Composer Listing - Mussorgsky Mussorgsky

(b Karevo, Pskov, 1839; d St Petersburg, 1881). Russian composer. He was one of the group of 5 Russian composers of nationalist tendencies known as the ‘Mighty handful’. After his death his works were completed and ‘improved’ by Rimsky-Korsakov and others, but in the 20th century his realistic and progressive qualities have been recognized and his original scores have been restored where possible.

Composer Listing - Rachmaninoff Rachmaninoff

(b Semyonovo, Starorussky, 1873; d Beverly Hills, Calif., 1943). Russian composer, pianist, and conductor (American citizen 1943). Rachmaninov was one of the greatest of pianists, as is proved by his recordings not only of his own concerts but of other composers’ music, including sonatas with the violinist Kreisler. But it is as a composer that his name will live longest.

Composer Listing - Ravel Ravel

(b Ciboure, 1875; d Paris, 1937). French composer and pianist. Dance rhythms frequently occur in his works. His harmonies, often ‘impressionist’ in technique, extended the range of tonality by the exploitation of unusual chords and by the use of bitonality. He was one of the great innovators in writing for the pianoforte works.

Composer Listing - Satie Satie

(b Honfleur, 1866; d Paris, 1925). French composer and pianist. Satie's importance lay in directing a new generation of French composers away from Wagner-influenced impressionism towards a leaner, more epigrammatic style. His harmony is often characterized by unresolved chords, which may have influenced Debussy (or he may have learned the device from Debussy—nobody knows). Melody is simple, sometimes slightly archaic, and scoring economical.

Composer Listing - Scarlatti, D. Scarlatti, D.

(b Naples, 1685; d Madrid, 1757). Italian composer and harpsichordist. Domenico did for keyboard-playing what his father (Scarlatti, A) did for opera, by imparting to it a hitherto unsuspected freedom of style. Introduced many new technical devices (rapid repetitions, crossed hands, double-note passages, etc.)

Composer Listing - Schubert Schubert

(b Vienna, 1797; d Vienna, 1828). Austrian composer. As a composer of songs he has no equal in fertility of melodic invention, but all his work is so graced with melody of the most seraphic kind that there was at one time a tendency to regard him as an ‘undisciplined’ composer for whom form meant little. How wrong a judgement this was can be realized simply by studying the great chamber works and late pianoforte sonatas alone.
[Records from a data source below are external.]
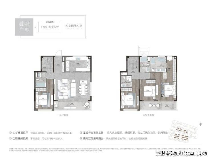 下叠185平户型:四室两厅四卫,总价380-400万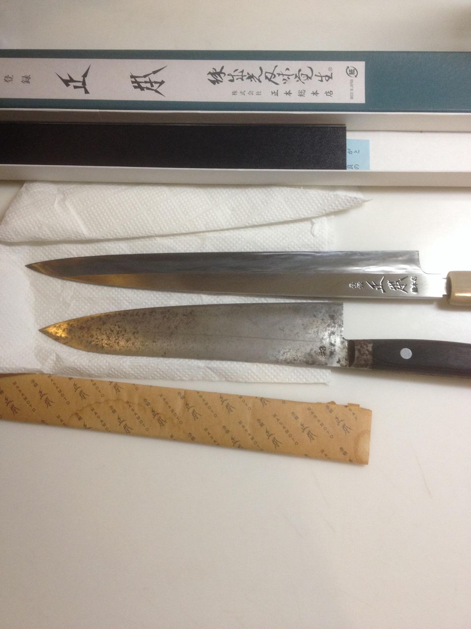 下の錆気味な包丁は卸す用の包丁ですが刃が薄いので良く切れますが欠けやすいのが難点ですが慣れれば骨を断つこともできます。
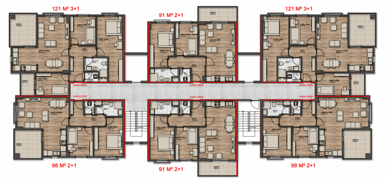 - 96 m² ve 108 m² 2+1, 123 m² 3+1 daire seçenekleri
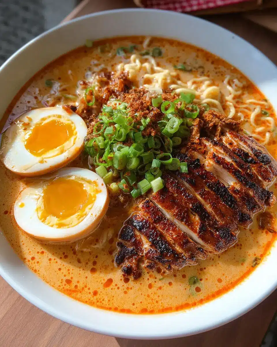 In just 30 minutes, you can enjoy a warm, satisfying bowl of creamy spicy chicken ramen. Perfect for busy nights or a cozy weekend meal!

He ranks among the very greatest of composers in all forms except opera.

Composer Listing - Schumann Schumann

(b Zwickau, 1810; d Endenich, 1856). German composer, pianist, conductor, and critic. Schumann was one of the greatest composers for pianoforte, enriching its literature with a series of poetic works in which classical structure and Romantic expression are combined. His vocal and chamber music is of comparable quality, with the freshness, vitality, and lyricism which also characterize the orchestral works.
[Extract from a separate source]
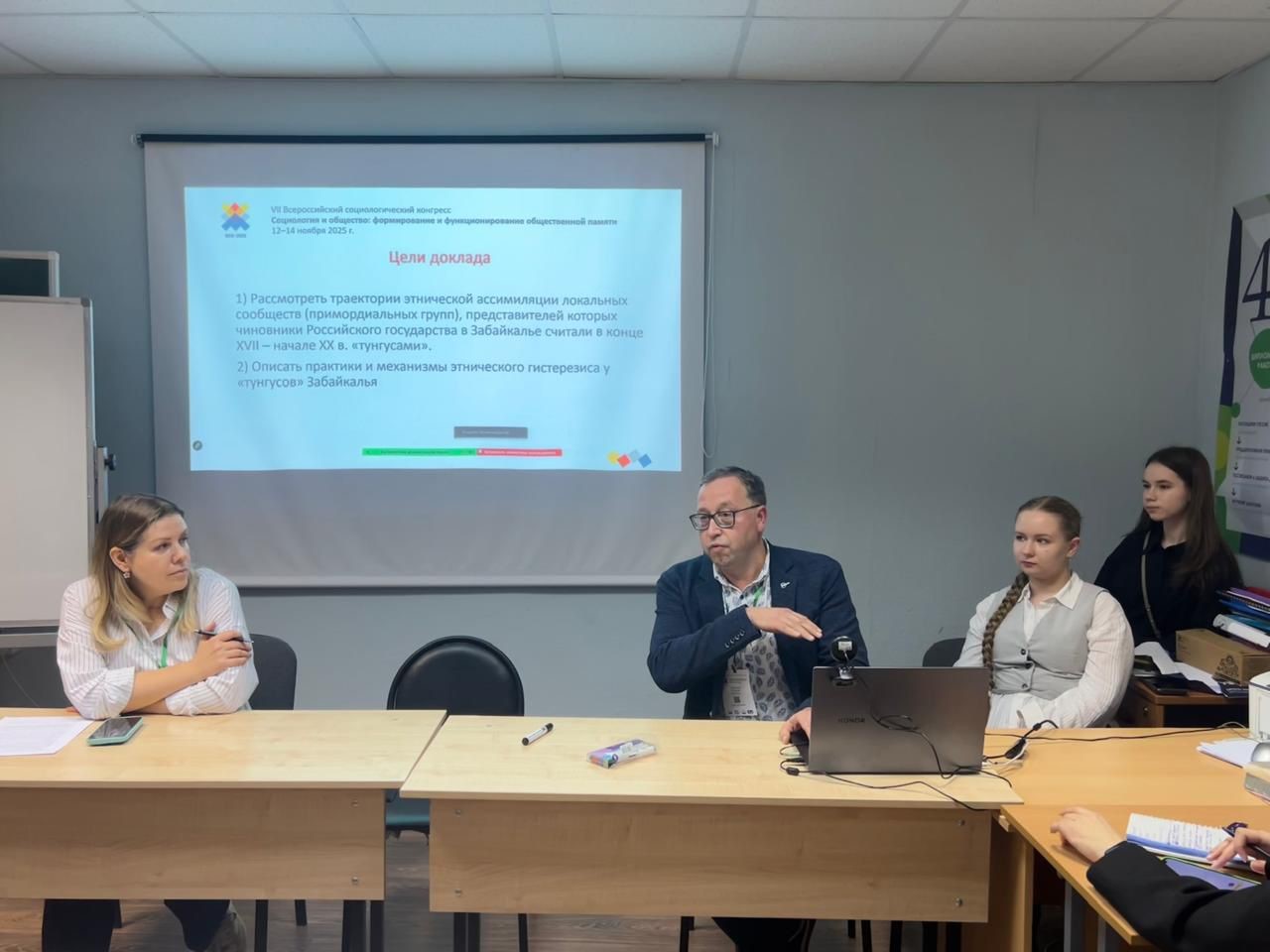 В докладе Николая Ивановича Карбаинова, н.с. сектора истории российской социологии Социологического института РАН – филиала ФНИСЦ РАН (г. СанктПетербург) «Тунгусы Забайкалья: траектории этнической ассимиляции в XIX – первой четверти XXI вв.» внимание было сфокусировано на потребности интеграции примордиалистской и конструктивистской позиций при рассмотрении феномена этничности (фото 3).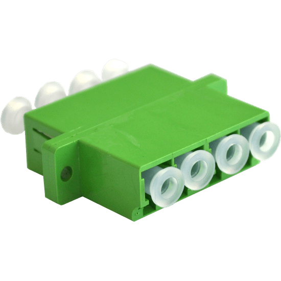 The Single Mode Fibre Optical OS2 Quadplex Adaptor/Coupler LC/APC Female to Female in green with a flange is designed to provide a reliable and efficient connection for single-mode fibre optic cables. It serves as a termination or linking device, ensuring minimal loss during light transmission.

Composer Listing - Shostakovich Shostakovich

(b St Petersburg, 1906; d Moscow, 1975). Russian composer and pianist. Many consider that Shostakovich is the greatest 20th-century composer. He demonstrated mastery of the largest and most challenging forms with music of great emotional power and technical invention. All his works are marked by emotional extremes—tragic intensity, grotesque and bizarre wit, humour, parody, and savage sarcasm.
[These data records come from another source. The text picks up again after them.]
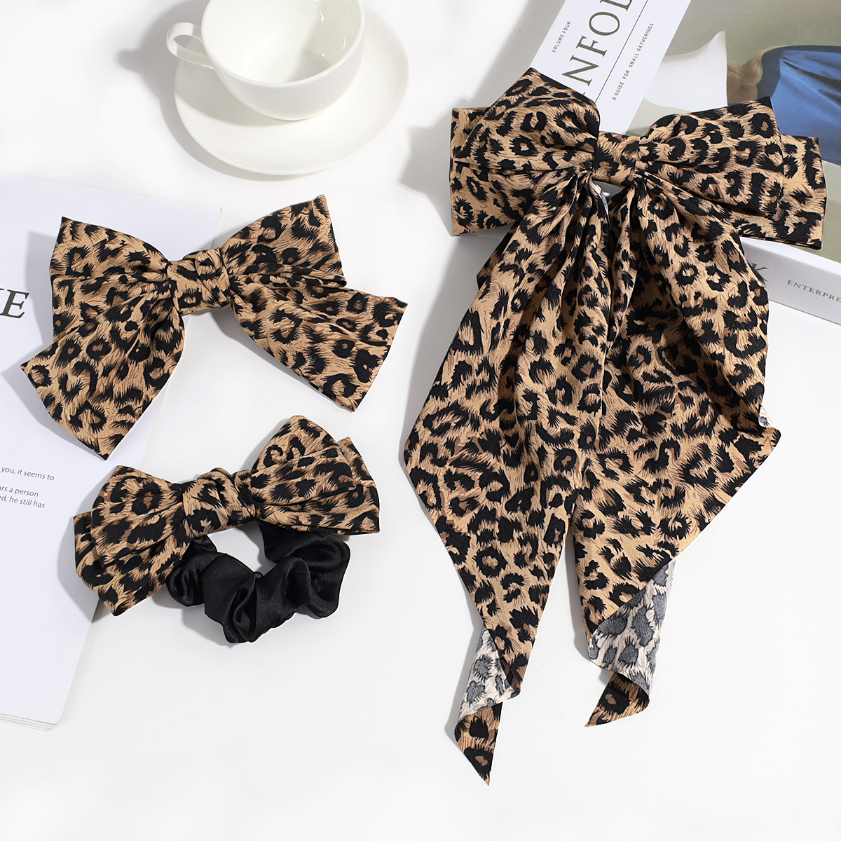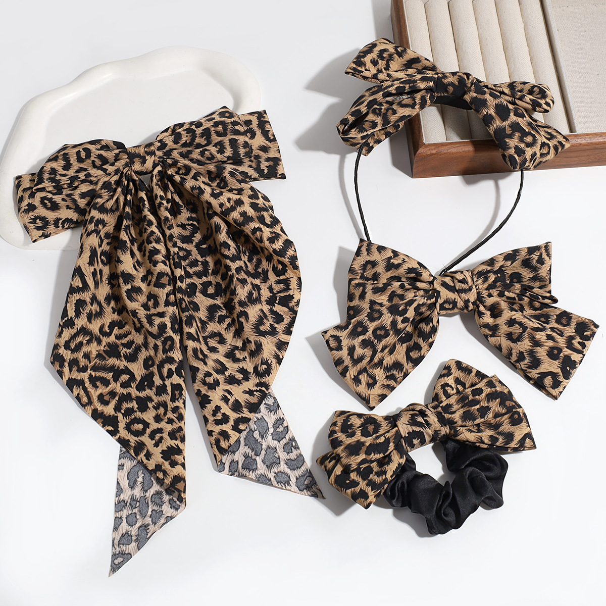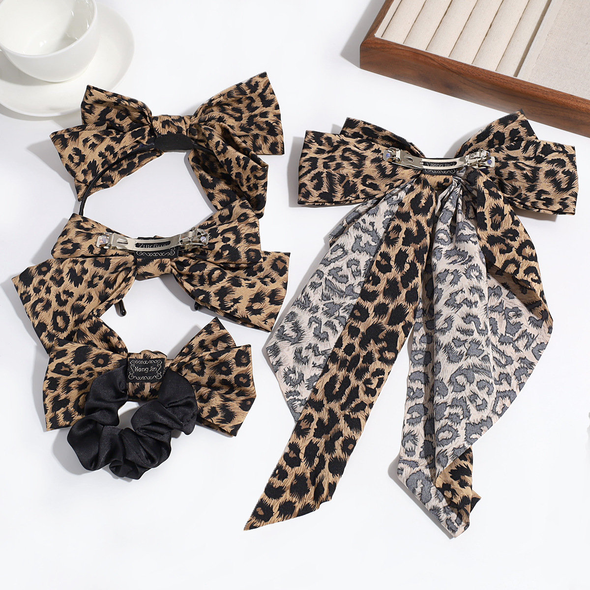 Estilo de moda europeo y americano personalidad nicho de diseño arco leopardo aro de pelo clip de resorte retrógrado anillo para el pelo accesorios para el pelo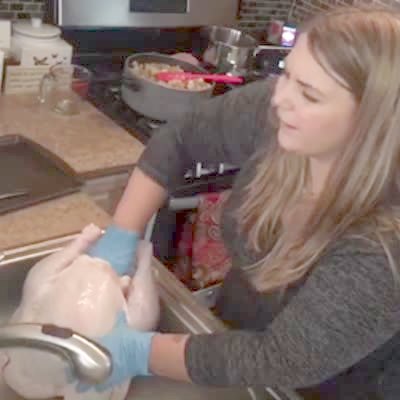 "Thanksgagging Dinner" A woman keeps gagging as she prepares a turkey to cook. Kitchen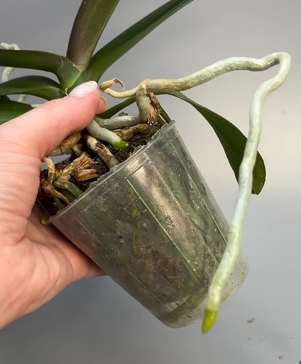 Привет. Сегодня у меня очередная пересадка орхидеи. Я уже заранее замочила корневую систему, чтобы корни напитались влагой и были гибкими. Убираю весь старый мох, плохие корни, сухие кончики. Вот эти светлые корни внутри, это нормально. Они становятся такими, потому что не получают цвет. Отрезаю сухие цветоносы и убираю старые чешуки, чтобы это не начало всё гнить в новой посадке. И вот этот нижний листик убираю тоже. И увлажняю верхние воздушные корни, чтобы они тоже стали гибкие. Сегодня в посадке буду использовать фитиль. Для этого беру вот такой шнур, отрезаю нужное количество и достаю у него сердцевину. Кончики вывожу наружу. Высоту фителя в горшке оставляю так, чтобы он не доходил до основания орхидеи. На низ выкладываю хорошо промытый керамзит. Помещаю орхидей в горшок и завожу фитиль между корнями. Заполняю пустоты корой, перемешку самхом. Такой способ посадки на фитиль я использую только для тех орхидей, которые любят попить воду. Так он будет постоянно увлажнять субс

Composer Listing - Tchaikovsky Tchaikovsky

(b Votkinsk, 1840; d St Petersburg, 1893). Russian composer and conductor. Few composers are more popular with audiences than Tchaikovsky; the reasons are several and understandable. His music is extremely tuneful, luxuriously and colourfully scored, and filled with emotional fervour directed to the heart rather than to the head.

Composer Listing - Vivaldi Vivaldi

(b Venice, 1678; d Vienna, 1741). Italian composer and violinist. No composer did more to establish the cello as a solo instrument, and he displayed a keen interest in the use of unusual instruments: it is the infinite variety and invention of his work that has made it so beloved 300 years after his birth.